"How stupid of me to do that?!"
I am sure we all have some thoughts or certain variation of that before. We are always focused on what we have done wrong rather than what we have done well. We look at our insecurities and blind ourselves from the strength.
This always happens to me. For example, when I am meeting with some friends. I will be making some jokes and having a great conversation when I just made a stupid lame joke that no one gets. After that I will be thinking of how stupid and lame of me to say that and bring the whole mood down.
I was reading a book "Who ordered This Truckload of Dung?" by Ajahn Brahm (which I highly recommend) who is a monk and he told about his story about a similar case. The story goes like this.
He was building a monastery where he had to prepare the foundations, lay concrete and bricks, erect the roof and put in the plumbing. He was a physicist and a high school teacher with no experience in construction or laying bricks.
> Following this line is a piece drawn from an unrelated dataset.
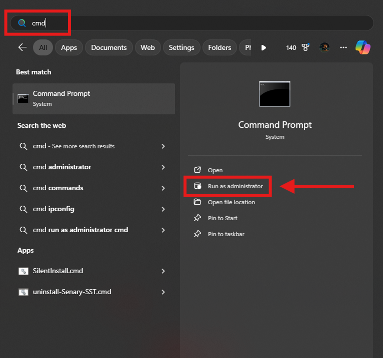 - Open the Start Menu and type "cmd", then tight-click Command Prompt and select Run as administrator

Laying bricks seems much easier than done. He will be laying bricks and tapping to one corner to make it level when another corner would go up. So he'd tap the other corner and the brick will move out of line. He will be juggling back and forth just to make sure it is properly aligned.
Since he is a monk, he have lots of patience and make sure that every brick was perfect, no matter how long it took. Eventually, he completed the first brick wall and start admiring at his accomplishments. It was then he noticed two bricks that were slightly inclined at an angle. All the other bricks were nicely in line, except for these two bricks. They looked horrible and spoiled the whole wall.
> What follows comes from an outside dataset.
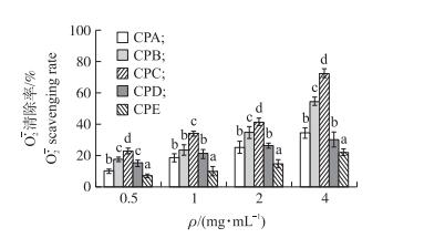 2 结果与分析 2.1 金华火腿粗肽液的分离纯化本试验采用葡聚糖凝胶层析法, 根据分子质量大小的不同对金华火腿粗肽液进行初步分离, 最终将金华火腿粗肽液分为5个组分(CPA、CPB、CPC、CPD和CPE)。如图 1所示:组分A的保留时间最短, 代表其分子质量最大, 而组分E的保留时间最长, 代表其分子质量最小。由图 2可以看出:5个组分清除超氧阴离子自由基的能力随着质量浓度的增大逐渐增加, 并存在明显的剂量效应关系。在质量浓度为4 mg·mL-1时, 组分CPC的清除能力达到了72.89%, 接着是组分CPB(55.98%)、组分CPA(34.33%)、组分CPD(30.13%)和组分CPE(21.03%)。综上所述, 本研究选取清除自由基能力最高的组分CPC进行下一步试验。

By then, the cement has hardened and was too hard to be taken out or ammend it. So he asked the abbot (senior monk) to knock down the wall and start over again (he has a lot of patient). The abbot said no, the wall had to stay.
The monastery eventually was completed and visitors start coming in where he will be showing the visitors around the monastery but always try to avoid taking them past the brick wall with 2 misaligned bricks.
One day, one of the visitors was the wall and commented.
"That's a nice wall."
"Sir, have you left your glasses in your car? Can't you see those two bad bricks which spoil the whole wall?" he responded.
What he said next changed his whole view of the wall and himself.
"Yes. I can see the two bad bricks. But I can see the 998 good bricks as well."
He was stunned. And for the first time he could see the other bricks in the wall apart from the two bricks.
The bricks on the left and the right of the bad bricks were good perfect bricks. More importantly, the perfect bricks were many more than the two bad bricks.
Previously, he would only focus exclusively on the two mistakes and was blinded to everything else. That is why he couldn't bear looking at that wall or having others to see and wanted to destroy it.
Now that he can see the good bricks, the wall didn't look so bad after all. Infact, he have forgotten exactly where those bad bricks are a few years later.
This is so true among everyone of us. We all have insecurities. The two bad bricks that we are embarrassed to show and would like to destroy, that is hindering us from seeing the other good bricks within us.Our insecurities have limit our sense of worth and tunnel visioned us away from the many more strengths that we have but are unable to realise.
We also assume that the way how you have perceived your insecurities are the same as how others have perceive you. The truth is their non-biased eyes gave a clearer picture of ourselves than we do. And it is that clarity that we must seek to trully understand our true sense of worth and look at the whole brick wall rather than just the two bad bricks.
Once we look at the bigger picture of ourselves, we will realised that our two bad bricks is nothing compared to the other perfect bricks that we have. Only then we could be at peace at ourselves, accepting of the two bad bricks and enjoy living to the fullest.
Ajahn Brahm (the author of the book), once told the story to a builder and the builder told him a secret.
"We builders always make mistakes. But we tell our clients that it is 'an original feature' with no other house in the neighborhood like it and charge them a couple of thousand dollars extra!", he said.
So the 'two bad bricks" that we thought might be weighing us down, might be very reason that make you more unique.